Well, there could be various file name extensions if you wish, as two names
for the same thing is no problem: it is when there is one name for two
different things where problems occur.

Characters cannot be changed. The names are fixed as part of the Unicode
standard. Also, in relation to the courtyard codes which I have published I
will not change the meanings of any published code point allocations. If,
however, you wish to suggest some additional facility I will try to encode
what you suggest if that is possible.

>Stability of the meaning of the file isn't important.
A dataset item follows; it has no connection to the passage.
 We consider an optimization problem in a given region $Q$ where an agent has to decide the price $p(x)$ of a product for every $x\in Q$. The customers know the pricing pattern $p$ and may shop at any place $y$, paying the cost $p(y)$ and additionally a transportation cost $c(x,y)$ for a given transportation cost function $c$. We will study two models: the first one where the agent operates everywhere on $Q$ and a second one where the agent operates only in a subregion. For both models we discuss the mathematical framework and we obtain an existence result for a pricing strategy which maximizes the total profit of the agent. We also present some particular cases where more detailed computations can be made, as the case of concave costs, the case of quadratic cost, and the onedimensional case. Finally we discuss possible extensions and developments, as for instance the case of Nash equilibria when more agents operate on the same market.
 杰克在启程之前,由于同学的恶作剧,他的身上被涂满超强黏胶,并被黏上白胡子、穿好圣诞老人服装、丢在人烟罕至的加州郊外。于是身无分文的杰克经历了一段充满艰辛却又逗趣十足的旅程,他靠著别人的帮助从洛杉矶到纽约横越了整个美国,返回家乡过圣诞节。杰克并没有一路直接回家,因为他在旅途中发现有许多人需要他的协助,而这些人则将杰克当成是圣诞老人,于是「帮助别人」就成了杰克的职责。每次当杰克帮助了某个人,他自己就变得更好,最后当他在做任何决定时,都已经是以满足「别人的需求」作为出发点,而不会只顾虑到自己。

Well, I disagree on that. Stability of meaning is very important. For
example, my published code point collections in the Private Use Area have
stability of meaning as a key feature. People who choose to use them can be
sure that I will not change the meanings of code point allocations which I
have published.

>
>However, I think my first suggestion will be to make the benefits of
>.uof available to XML. We can all this .uo1.
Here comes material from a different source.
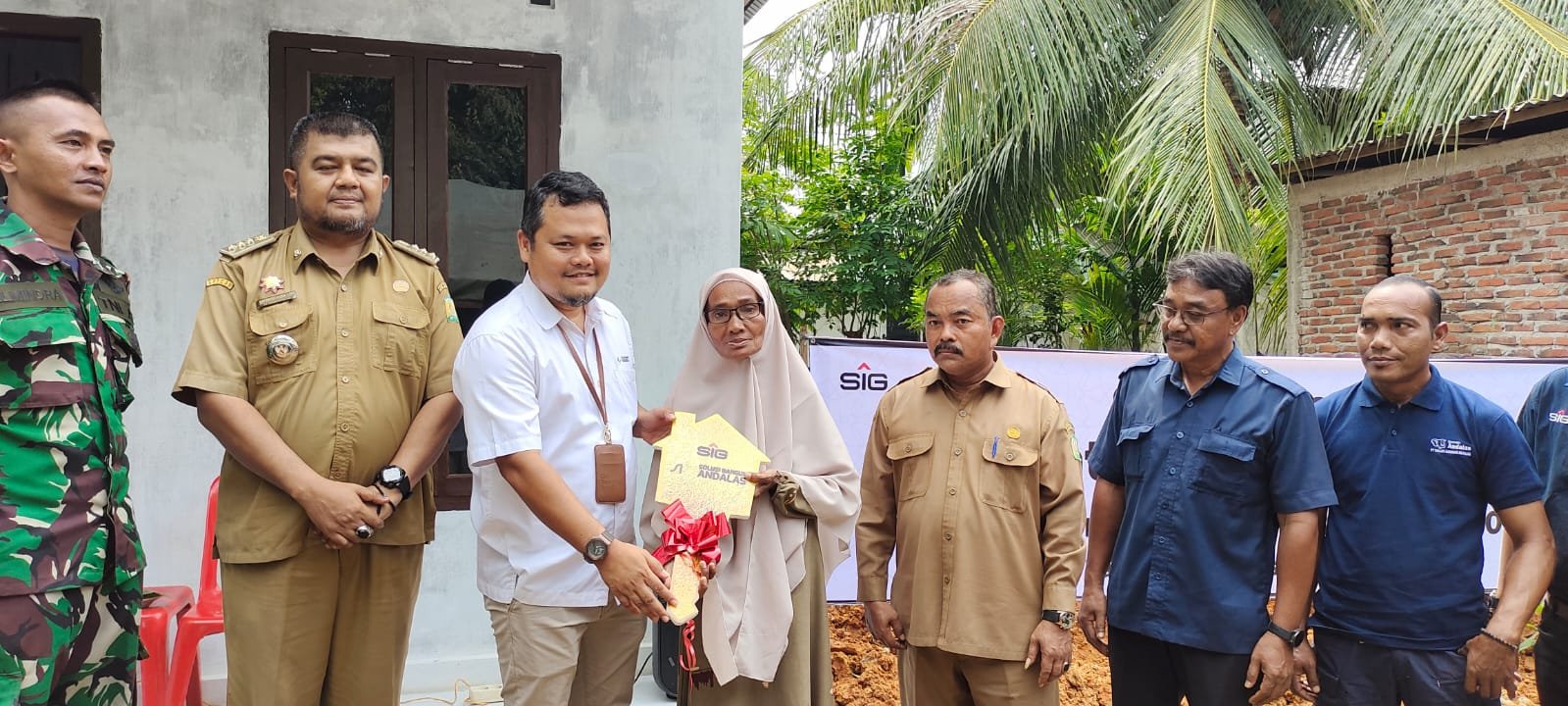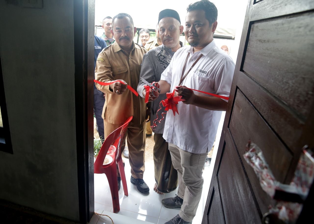Tafaul Rijal, GA & Comrel Manager SBA menyerahkan kunci rumah secara simbolis kepada Ibu Nurmala dan keluarga disaksikan oleh Asisten II Sekdakab Aceh Besar, M. Ali, S.Sos., M.Si., Anggota DPRK Kab. Aceh Besar, Abdul Muchti, Kadis PUPR Aceh Besar, Sekretaris Dinas Sosial Aceh Besar, Muspika Lhoknga, Geuchik dan tokoh masyarakat Lampaya.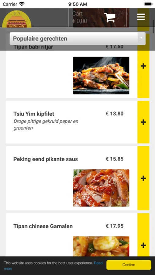 Bestel de lekkerste Chinese gerechten bij Golden City. Kies uit Chinese maaltijden , een snack, en nog meer verse producten.

I have no idea how to do this, so if you could please explain I would be
interested to learn.

>
>I am a little disconcerted that html already can do everything that .uof
>does plus more, and is also supported by all of the publishers that are
>like to support .uof.

Well, HTML can do more than can .uof by a long way, yet HTML cannot quite do
everything which a .uof file could do, as far as I aware, though I am
willing to learn if the situation is different.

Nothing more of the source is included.